# Task to carry out
In the material below, find the span from the line with "Di depan pintu" to the line with "玛丽亚姆:是的,我认为电影在" and transcribe only those lines, exactly, ends included, without the pictures.

# Given entries

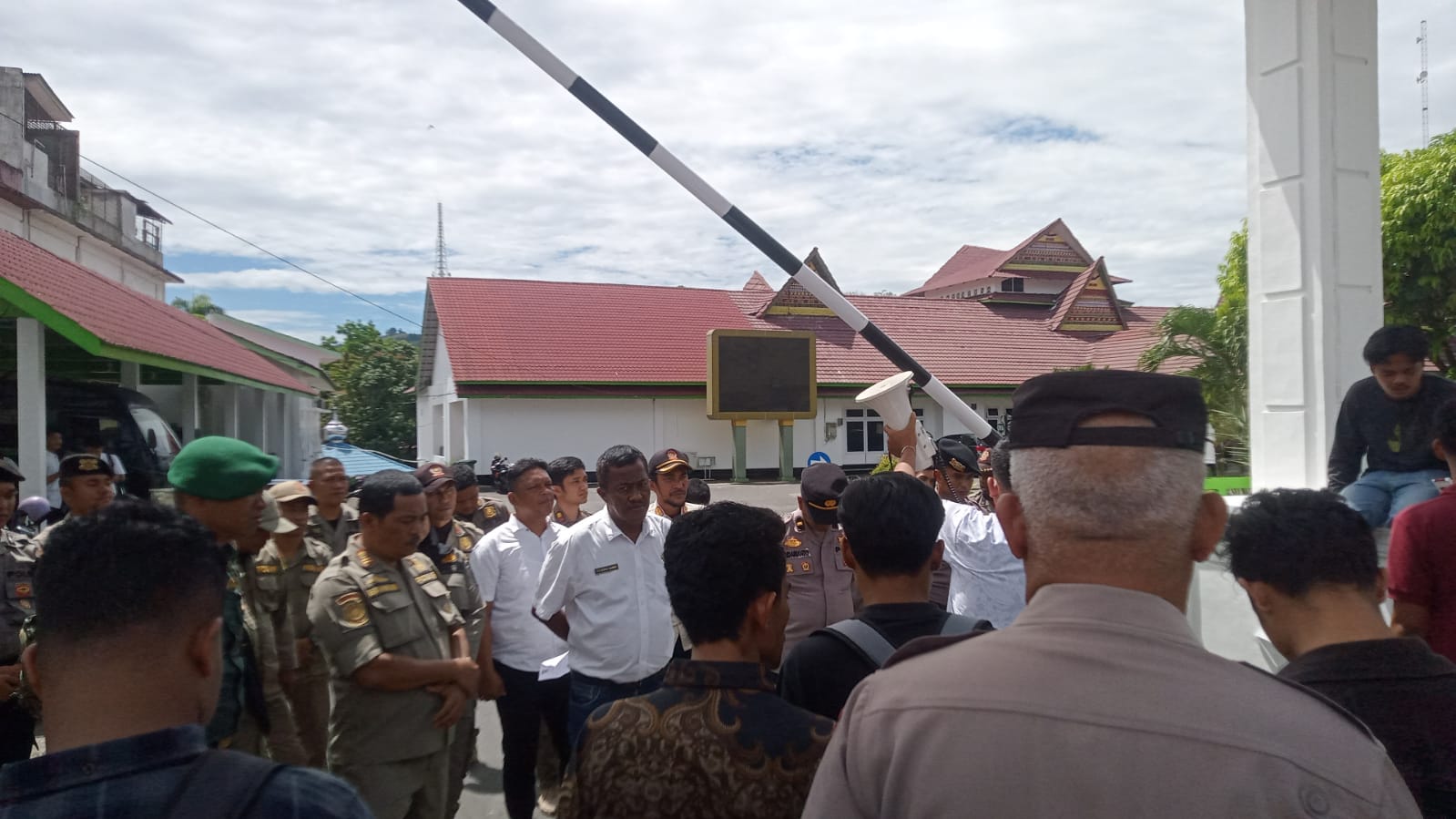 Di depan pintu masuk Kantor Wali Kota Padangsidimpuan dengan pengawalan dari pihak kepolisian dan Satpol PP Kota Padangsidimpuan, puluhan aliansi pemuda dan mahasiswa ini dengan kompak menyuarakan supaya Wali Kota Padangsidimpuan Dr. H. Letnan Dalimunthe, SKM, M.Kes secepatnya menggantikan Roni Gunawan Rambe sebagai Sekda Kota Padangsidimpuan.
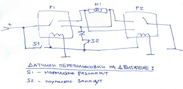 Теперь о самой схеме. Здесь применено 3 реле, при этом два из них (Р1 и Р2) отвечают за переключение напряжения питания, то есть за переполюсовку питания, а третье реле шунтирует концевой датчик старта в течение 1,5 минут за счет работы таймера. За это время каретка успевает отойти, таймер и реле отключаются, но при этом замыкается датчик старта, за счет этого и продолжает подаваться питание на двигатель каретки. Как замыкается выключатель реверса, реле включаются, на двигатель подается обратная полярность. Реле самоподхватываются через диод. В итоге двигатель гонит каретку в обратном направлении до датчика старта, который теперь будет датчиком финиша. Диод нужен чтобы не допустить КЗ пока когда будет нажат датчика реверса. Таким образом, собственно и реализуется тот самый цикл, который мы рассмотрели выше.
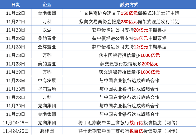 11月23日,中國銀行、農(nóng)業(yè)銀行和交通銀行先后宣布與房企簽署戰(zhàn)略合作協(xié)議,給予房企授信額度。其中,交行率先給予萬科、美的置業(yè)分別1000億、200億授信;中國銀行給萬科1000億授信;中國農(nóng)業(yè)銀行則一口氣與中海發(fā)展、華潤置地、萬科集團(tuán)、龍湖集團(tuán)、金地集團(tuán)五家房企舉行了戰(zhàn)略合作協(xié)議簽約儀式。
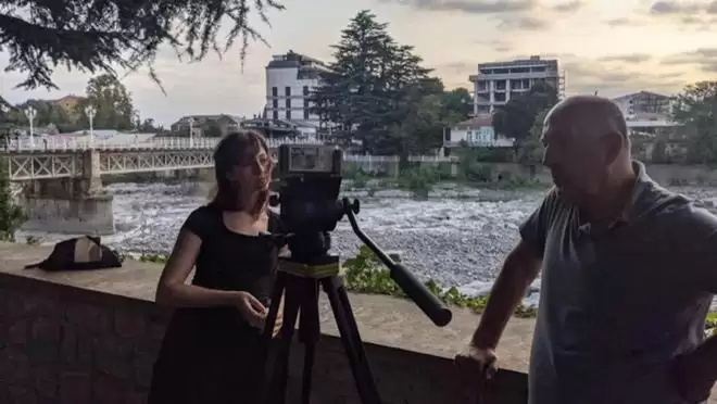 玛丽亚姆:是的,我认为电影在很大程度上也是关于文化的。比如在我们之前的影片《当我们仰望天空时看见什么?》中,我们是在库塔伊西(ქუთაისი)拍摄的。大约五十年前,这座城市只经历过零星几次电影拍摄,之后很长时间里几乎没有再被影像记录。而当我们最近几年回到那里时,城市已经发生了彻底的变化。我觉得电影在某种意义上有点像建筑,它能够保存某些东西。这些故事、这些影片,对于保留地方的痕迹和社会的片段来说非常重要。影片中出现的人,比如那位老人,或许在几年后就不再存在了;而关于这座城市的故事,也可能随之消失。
---
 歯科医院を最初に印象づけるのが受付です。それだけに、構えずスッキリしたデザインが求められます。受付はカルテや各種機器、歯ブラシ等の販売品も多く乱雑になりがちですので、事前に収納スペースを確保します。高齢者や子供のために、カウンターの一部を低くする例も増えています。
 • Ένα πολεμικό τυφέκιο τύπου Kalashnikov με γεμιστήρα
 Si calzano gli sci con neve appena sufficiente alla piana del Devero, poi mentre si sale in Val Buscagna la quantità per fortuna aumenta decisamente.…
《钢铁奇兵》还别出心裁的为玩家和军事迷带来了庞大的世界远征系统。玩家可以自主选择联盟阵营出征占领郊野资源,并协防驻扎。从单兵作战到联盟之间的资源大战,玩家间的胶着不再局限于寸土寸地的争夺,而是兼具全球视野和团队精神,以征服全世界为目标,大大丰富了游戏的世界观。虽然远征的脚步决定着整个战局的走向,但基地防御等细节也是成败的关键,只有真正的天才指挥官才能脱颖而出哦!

# Your solution
 Di depan pintu masuk Kantor Wali Kota Padangsidimpuan dengan pengawalan dari pihak kepolisian dan Satpol PP Kota Padangsidimpuan, puluhan aliansi pemuda dan mahasiswa ini dengan kompak menyuarakan supaya Wali Kota Padangsidimpuan Dr. H. Letnan Dalimunthe, SKM, M.Kes secepatnya menggantikan Roni Gunawan Rambe sebagai Sekda Kota Padangsidimpuan.
 Теперь о самой схеме. Здесь применено 3 реле, при этом два из них (Р1 и Р2) отвечают за переключение напряжения питания, то есть за переполюсовку питания, а третье реле шунтирует концевой датчик старта в течение 1,5 минут за счет работы таймера. За это время каретка успевает отойти, таймер и реле отключаются, но при этом замыкается датчик старта, за счет этого и продолжает подаваться питание на двигатель каретки. Как замыкается выключатель реверса, реле включаются, на двигатель подается обратная полярность. Реле самоподхватываются через диод. В итоге двигатель гонит каретку в обратном направлении до датчика старта, который теперь будет датчиком финиша. Диод нужен чтобы не допустить КЗ пока когда будет нажат датчика реверса. Таким образом, собственно и реализуется тот самый цикл, который мы рассмотрели выше.
 11月23日,中國銀行、農(nóng)業(yè)銀行和交通銀行先后宣布與房企簽署戰(zhàn)略合作協(xié)議,給予房企授信額度。其中,交行率先給予萬科、美的置業(yè)分別1000億、200億授信;中國銀行給萬科1000億授信;中國農(nóng)業(yè)銀行則一口氣與中海發(fā)展、華潤置地、萬科集團(tuán)、龍湖集團(tuán)、金地集團(tuán)五家房企舉行了戰(zhàn)略合作協(xié)議簽約儀式。
 玛丽亚姆:是的,我认为电影在很大程度上也是关于文化的。比如在我们之前的影片《当我们仰望天空时看见什么?》中,我们是在库塔伊西(ქუთაისი)拍摄的。大约五十年前,这座城市只经历过零星几次电影拍摄,之后很长时间里几乎没有再被影像记录。而当我们最近几年回到那里时,城市已经发生了彻底的变化。我觉得电影在某种意义上有点像建筑,它能够保存某些东西。这些故事、这些影片,对于保留地方的痕迹和社会的片段来说非常重要。影片中出现的人,比如那位老人,或许在几年后就不再存在了;而关于这座城市的故事,也可能随之消失。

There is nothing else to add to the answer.